Physiological Benefits From a Massage Chair
A massage chair client of mine forwarded a link to me from the Wall Street Journal regarding recent studies on the topic of massage and it’s physiological benefits.
Much of what the article discussed has already been addressed by yours truly in previous articles and blog posts, such as boosted immune system, improved lung function, and decreased pain and stiffness in osteoarthritis, but I thought I’d go into a bit more detail about each of them and the studies referenced in this article, along with a new study touting a new benefit that I found rather interesting.
Potential Massage Chair Benefits:
1. Many of our massage chair clients buy massage chairs because they help with their pain from osteoarthritis. With osteoarthritis (or degenerative arthritis) joint pain and muscle pain are not uncommon. The study referenced in this article was a 2006 Archives of Internal Medicine piece showing how a full-body swedish massage helped reduce arthritis pain symptoms of the knee. The participants in the study were massaged 2x per week for 4 weeks and then 1x per week for another 4 weeks.
The results were pretty cool: less pain, less stiffness, increased range of motion, and less time to walk a 50 foot path. I have found in my personal experience that massage chairs to tend to reduce arthritis pain and stiffness in many joints of the body, as well as increase range of motion.
2. A 2009 study of 30 participants demonstrated boosted immune reponse and lower heart rate and blood pressure. The participants were women with breast cancer undergoing radiation treatment.
The notion that massage can reduce pain and stiffness is a natural given, but the idea of a more visceral benefit, i.e. immune system, heart rate, and blood pressure is fascinating.
3. Asthmatic children who received 20 minute massages nightly from their parents for 5 weeks, along with their standard asthma treatment, improved their lung function compared to a group of children who only received the standard asthma treatment. This is from a 2011 study.
I have seen many clients use a massage chair in our showroom and then mention that they felt they could breathe deeper after a session on the chair.
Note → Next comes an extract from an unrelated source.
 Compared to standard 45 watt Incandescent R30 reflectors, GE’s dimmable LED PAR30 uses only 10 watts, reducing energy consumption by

It does not surprise me in the least that asthmatics lung function was improved following massage treatments.
4. A study done on 53 participants in 2010 compared the effects of one 45-minute swedish massage to a 45-minute session of just light touch. The results are pretty cool…the folks who had received the massage had 1.) a large decrease in arginine-vasopressin, which is a hormone that increases with stress and aggressive behavior, and 2.) lower levels of cortisol, which is a stress hormone, and 3.) a decrease in cytokine proteins, which are active participants in the inflammation and allergic reactions of the body.
5. I found this final study to be very interesting, albeit a small study. This study found that a 10-minute massage promoted muscle recovery after exercising. The study involved 11 young men who were asked to exercise to exhaustion. Immediately after the exercise, each of the young men received a massage in one leg.
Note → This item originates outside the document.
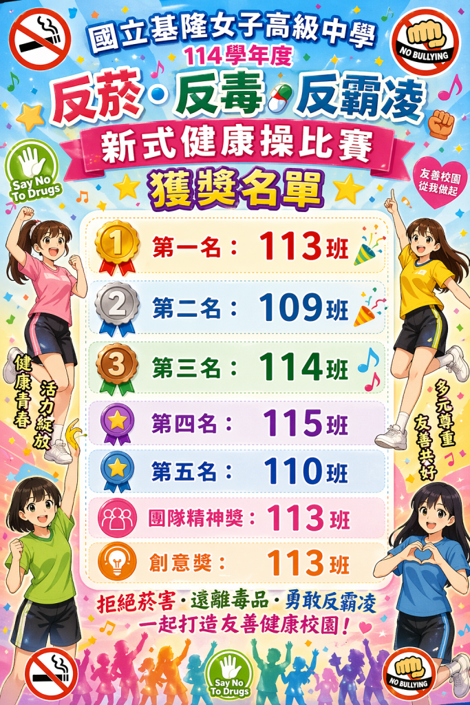 榮譽榮耀時刻:117學年度高一健康操比賽成績公告,恭喜得獎班級,並感謝辛苦指導老師及評審。Post author:klgsh311Post published:2026-04-24Post category:校園公告 / 榮譽榜 Post Views: 9Read more articles上一篇文章大考中心辦理「大學入學考試素養導向命題工作坊–公民與社會科」,鼓勵教師報名下一篇文章115年度推動兒童權利公約兒少兒權培訓實施計畫相關內容轉知國立陽明交通大學辦理「113年資訊素影音創作比賽」活動簡章,惠請協助轉知所轄學校鼓勵學生踴躍報名參加,詳如說明2024-09-02轉知社團法人台灣E化資安分析管理協會訂於112年9月8日(星期五)舉辦資安新知科技-線上影音直播研習課程-「資安鑑識課程-系列Ⅰ初級課程:駭客攻防於萬物聯網(IOT)的勒索事件分析與資安實務」,敬邀貴單位相關人員報名參加2023-08-20

Muscle biopsies were taken right before the exercise, right after the massage, and then 2.5 hours after that. The biopsies were taken from each leg, the massaged leg and the unmassaged leg (quad muscles). The results of the biopsies showed that the massage boosted the production of mitochondria, which is the cellular component in everyone’s body that creates the energy for the body, and reduced proteins associated with inflammation in the muscles.
It all sounds pretty good, eh?
Well, the bottom line, in my mind, is massage is massage, whether it is from human hands or the robotic rollers of a massage chair.